* [SUPPLIED INFORMATION]
□ □ □ □
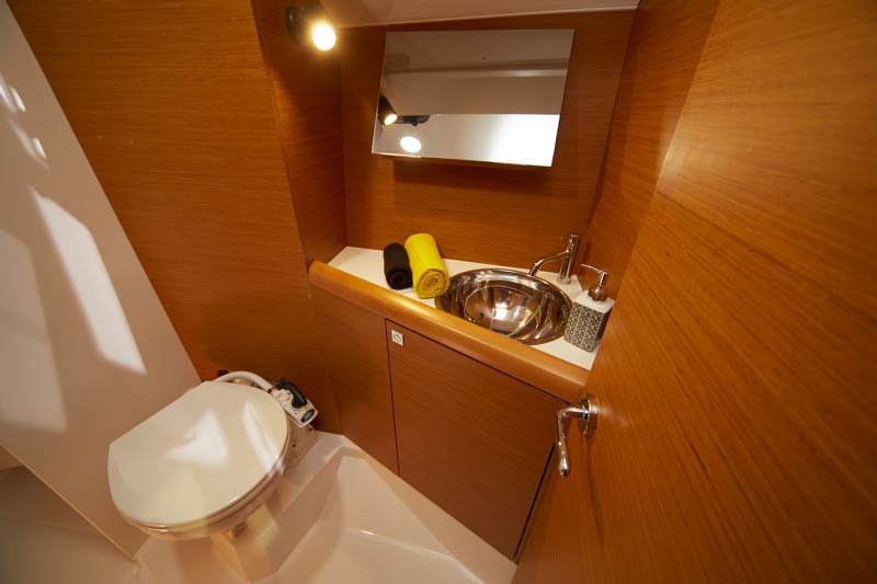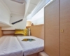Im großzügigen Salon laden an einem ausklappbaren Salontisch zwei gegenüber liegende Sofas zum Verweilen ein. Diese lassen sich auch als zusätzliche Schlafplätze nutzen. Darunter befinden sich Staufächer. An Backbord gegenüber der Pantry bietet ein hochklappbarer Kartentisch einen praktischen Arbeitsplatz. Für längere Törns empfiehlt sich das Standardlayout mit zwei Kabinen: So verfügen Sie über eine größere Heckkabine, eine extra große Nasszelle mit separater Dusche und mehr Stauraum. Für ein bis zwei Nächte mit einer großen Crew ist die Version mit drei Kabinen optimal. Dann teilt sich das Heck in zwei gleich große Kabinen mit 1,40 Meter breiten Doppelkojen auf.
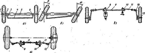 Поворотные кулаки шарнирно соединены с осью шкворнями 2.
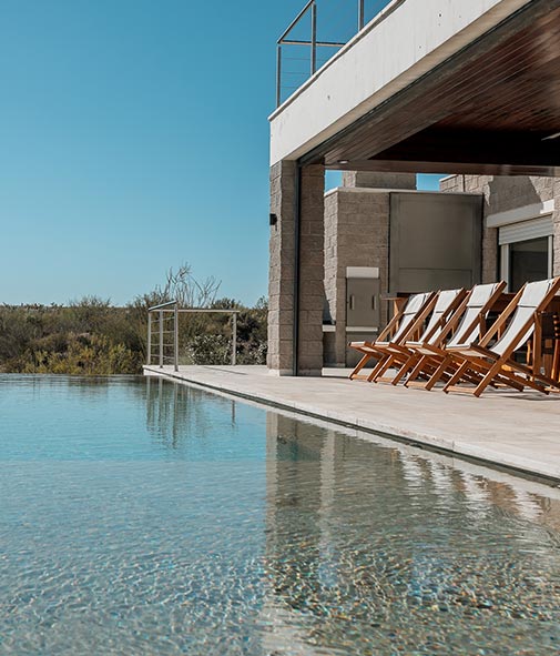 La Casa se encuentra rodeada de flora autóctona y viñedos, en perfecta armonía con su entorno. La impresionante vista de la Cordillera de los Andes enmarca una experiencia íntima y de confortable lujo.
□ □ □ □
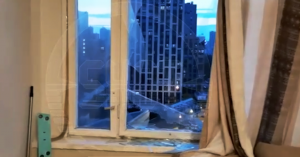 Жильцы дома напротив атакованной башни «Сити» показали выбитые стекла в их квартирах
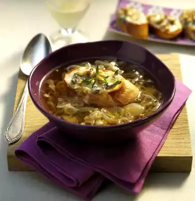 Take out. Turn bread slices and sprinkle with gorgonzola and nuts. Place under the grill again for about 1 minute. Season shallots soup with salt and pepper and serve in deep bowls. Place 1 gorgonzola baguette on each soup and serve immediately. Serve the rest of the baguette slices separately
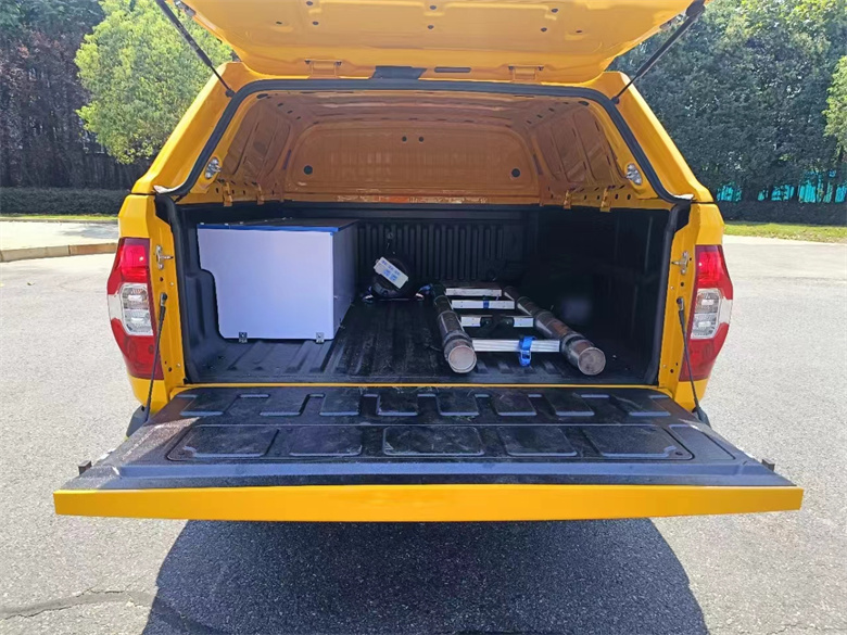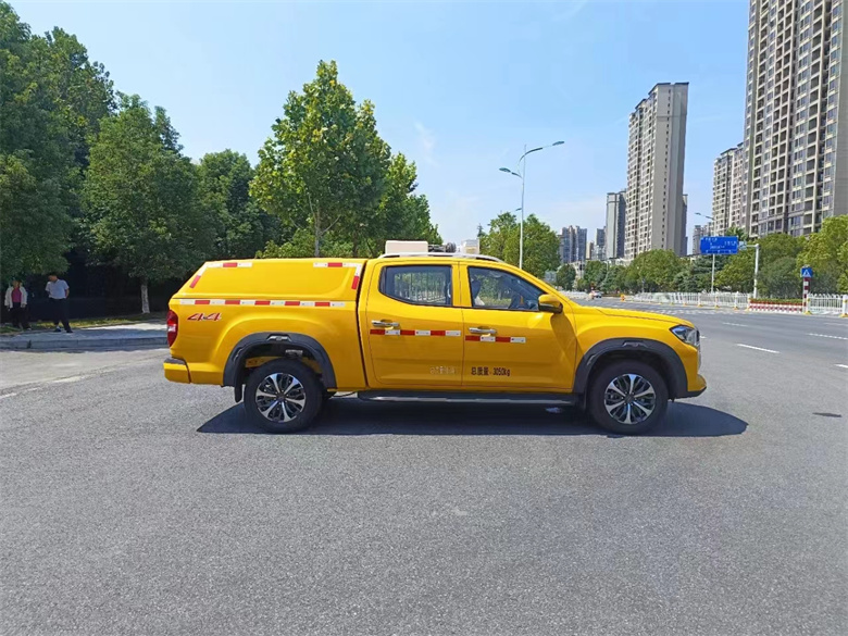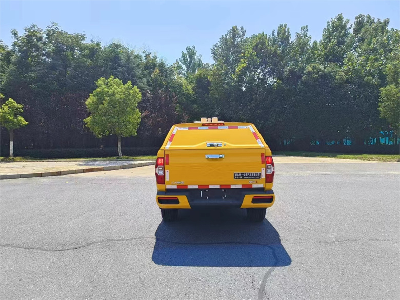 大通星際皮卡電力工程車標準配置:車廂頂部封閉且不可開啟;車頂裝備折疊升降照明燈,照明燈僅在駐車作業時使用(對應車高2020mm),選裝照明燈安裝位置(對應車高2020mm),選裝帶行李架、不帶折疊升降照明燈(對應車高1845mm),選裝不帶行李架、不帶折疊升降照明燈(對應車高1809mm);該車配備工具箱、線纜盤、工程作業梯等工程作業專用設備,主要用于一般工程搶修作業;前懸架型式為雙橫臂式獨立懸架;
□ □ □ □
Find the line with "Поворотные кулаки шарнирно" in the data above, and from there retype each line exactly through the line with "La Casa se encuentra", skipping the pictures along the way.

 Поворотные кулаки шарнирно соединены с осью шкворнями 2.
 La Casa se encuentra rodeada de flora autóctona y viñedos, en perfecta armonía con su entorno. La impresionante vista de la Cordillera de los Andes enmarca una experiencia íntima y de confortable lujo.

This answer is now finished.